#### Input data:

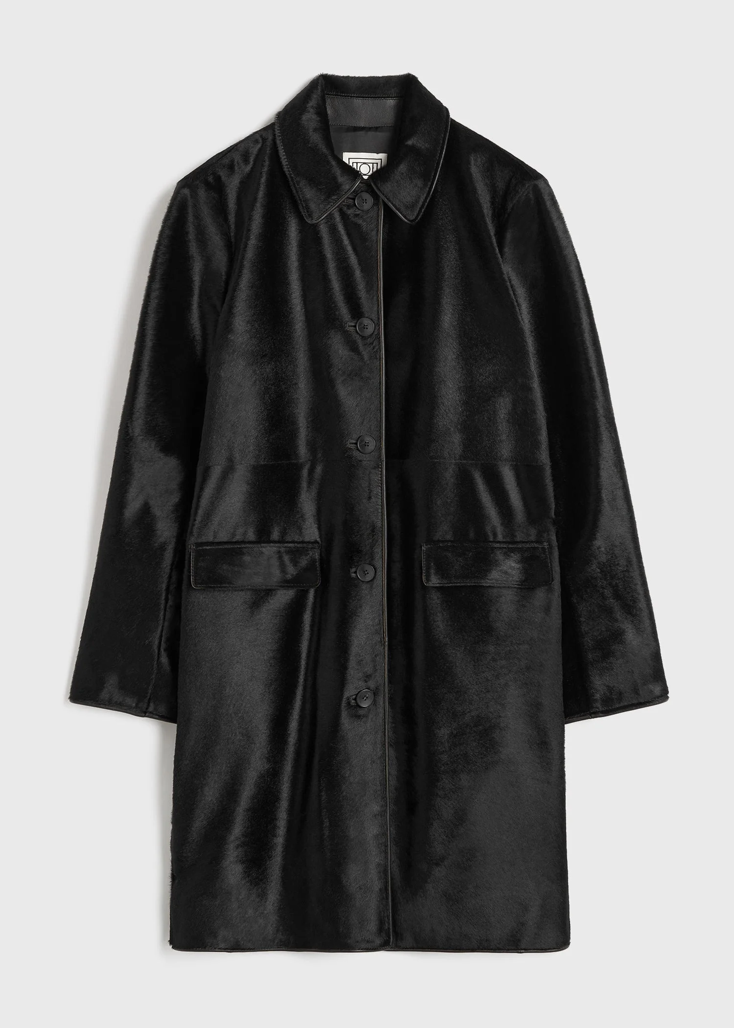 Directional TOTEME coat made from calf leather with a shiny and tactile pony hair effect for an eclectic look. It has a straight silhouette complete with leather piping, satin lining and flap pockets on the sides of the buttoned placket. Wear with anything from jeans to evening dresses. Details & Fit - Black - Button front - Flap pockets - Satin lining - 100% cow leather; lining: 100% viscose - Specialist clean - Style number 251-WRO1812-LE0066 - True to size - The model is 178cm/510 tall and wears a size 36
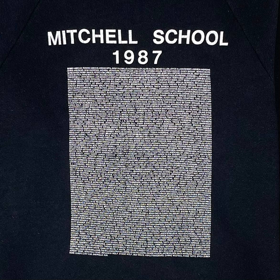 プリントのデザインバランスが良い80s MITCHELL SCHOOLのブラックスウェット
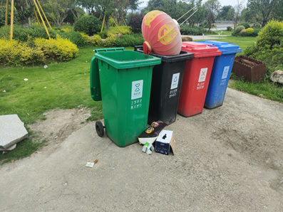 首先队员们对于三垟湿地生态园的垃圾分类及垃圾丢弃情况进行了调查,调查结果如图所示。虽然三垟湿地内部有着明确的垃圾分类用的垃圾桶,但是当地的居民及其游客并没有按照指定的垃圾分类法去分放垃圾。周围也并无垃圾分类体提醒标语以及垃圾分类指示牌。露营地内部也存在大量的垃圾散落情况。
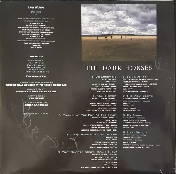 The Dark Horses are an Australian band which evolved out of Tex Perkins solo albums and became a group in it's own right with the release of the 2003 album 'Sweet Nothing'.
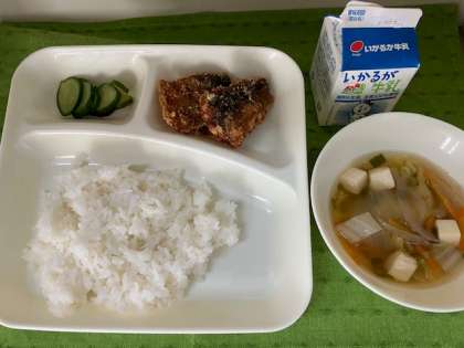 ●さばのカレーたつたあげ ●五目汁 ●きゅうりの甘酢あえ ●ごはん ●牛乳
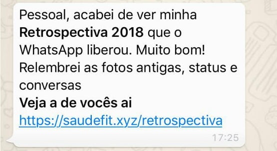 De acordo com a PF, está sendo compartilhada uma mensagem que promete mostrar uma retrospectiva do ano de 2018 no WhatsApp. O recurso funcionaria como uma memória capaz de relembrar atividades como, por exemplo, fotos enviadas, status e conversas. No entanto, a ação é uma armadilha para atrair as pessoas a acessarem um link e, assim, fazer com que alguém lucre com o número de cliques a partir de anúncios na página.
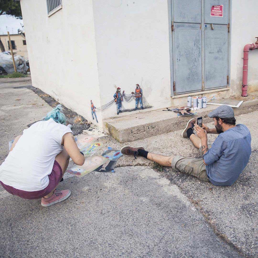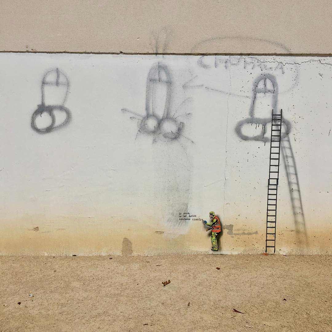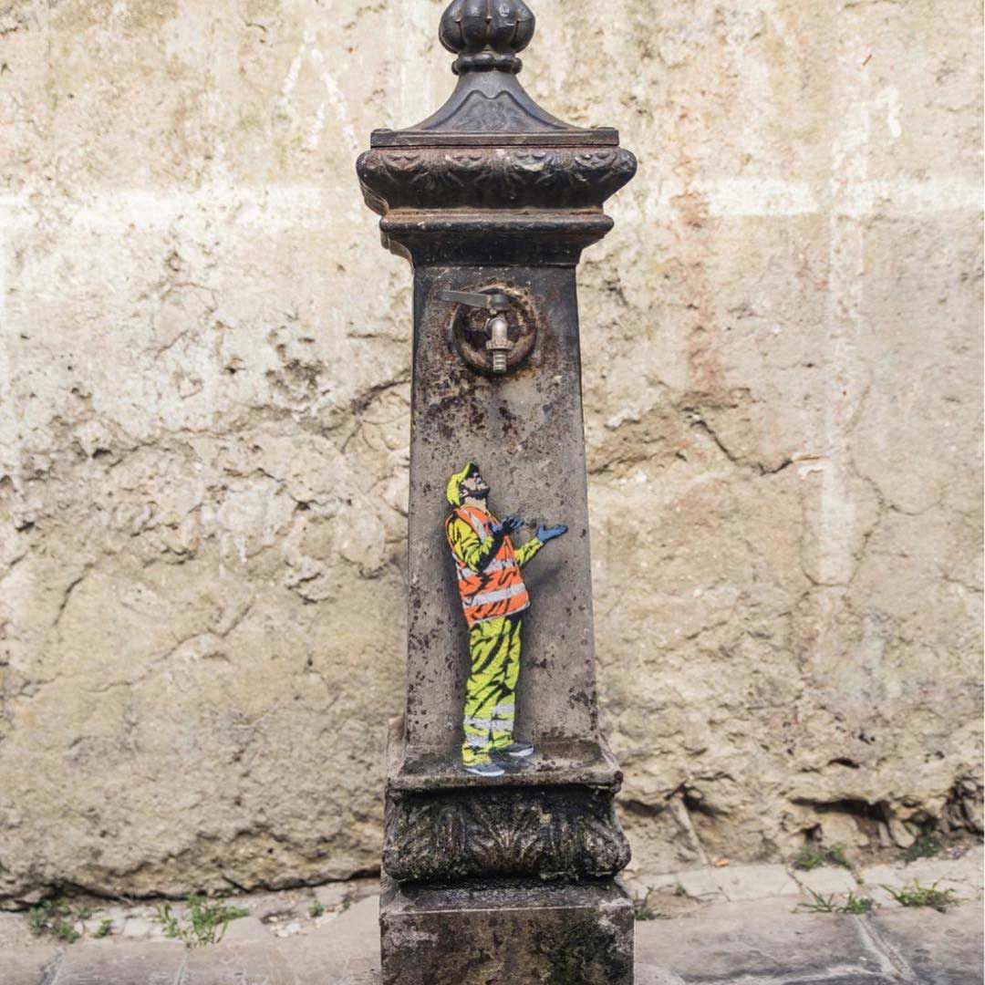 Mehr Bauarbeiter-Street Art von Jaune lässt sich auf seinem Instagram-Profil finden.
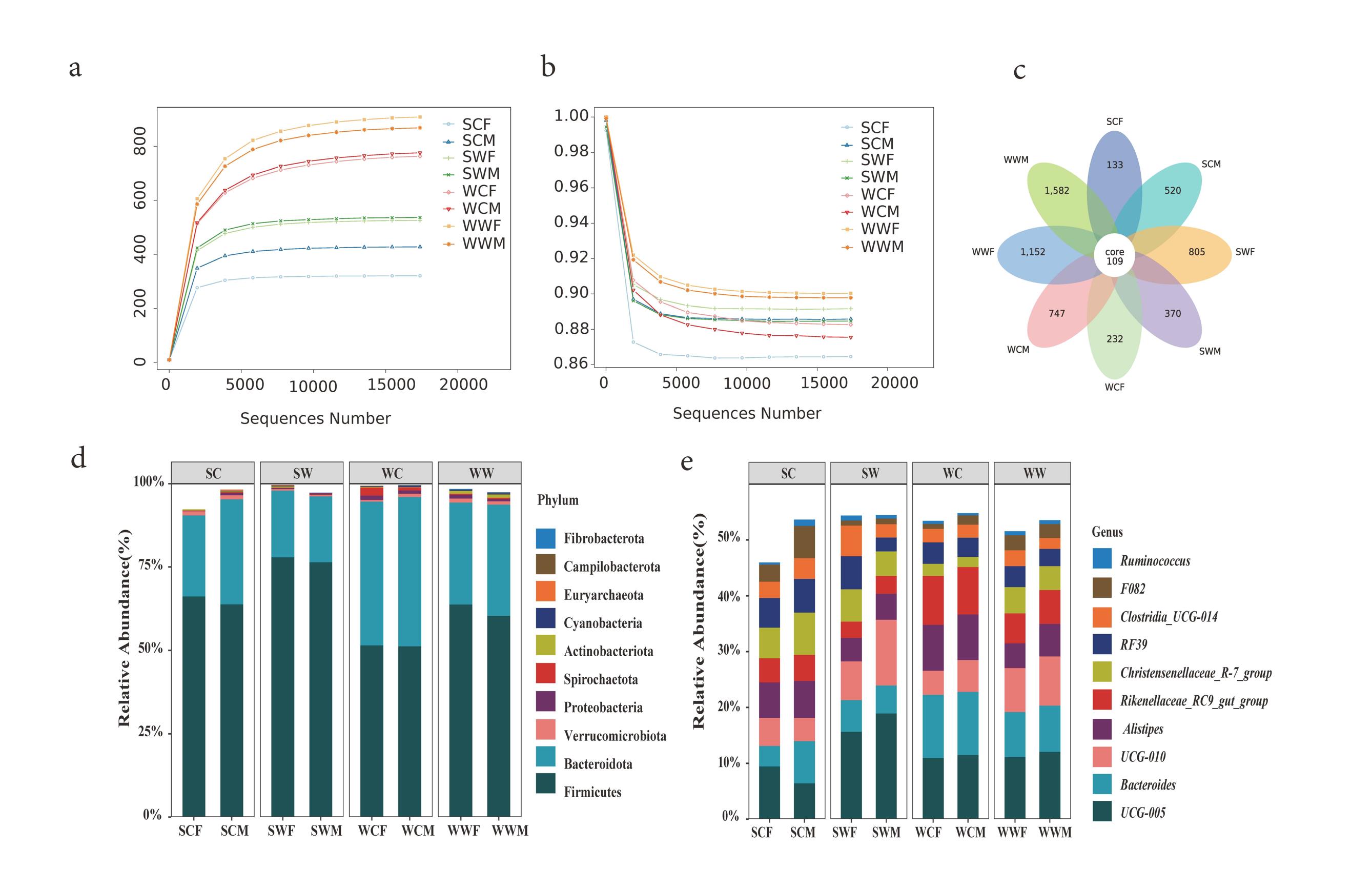 巖羊腸道菌群群落豐富度(a)和均勻度(b)稀釋曲線;不同組間ASV數(shù)量花瓣圖(c);門水平(d)和屬水平(e)巖羊腸道菌群相對(duì)豐度堆積直方圖
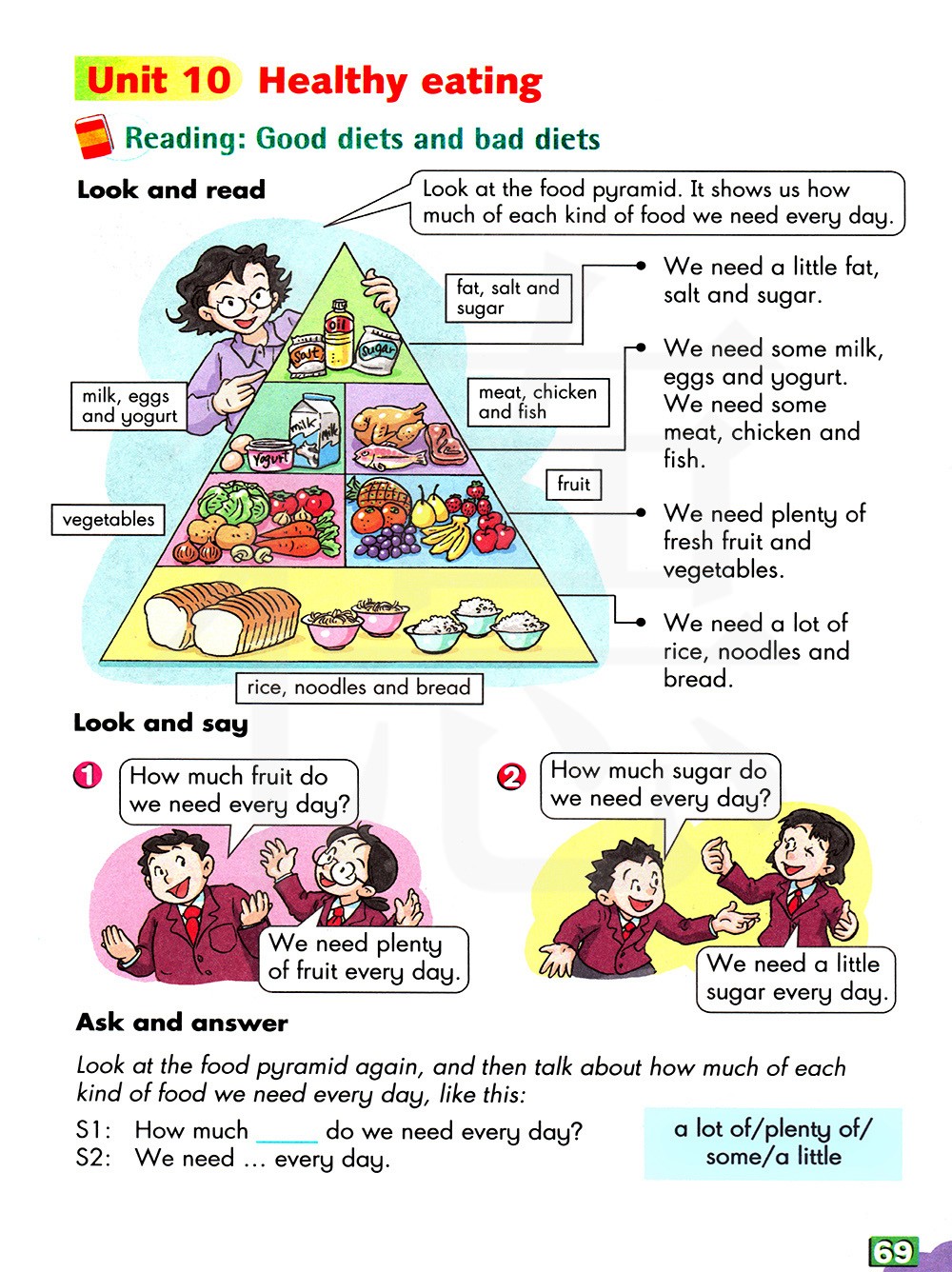看这个食物金字塔。它显示了我们每天需要的各种食物的数量。

#### What the exercise asks:
In the copy, no pictures are to appear; write out exactly the lines from the one containing "Mehr Bauarbeiter-Street Art" through the end of the listing above and no further lines.

#### Reply:
 Mehr Bauarbeiter-Street Art von Jaune lässt sich auf seinem Instagram-Profil finden.
 巖羊腸道菌群群落豐富度(a)和均勻度(b)稀釋曲線;不同組間ASV數(shù)量花瓣圖(c);門水平(d)和屬水平(e)巖羊腸道菌群相對(duì)豐度堆積直方圖
看这个食物金字塔。它显示了我们每天需要的各种食物的数量。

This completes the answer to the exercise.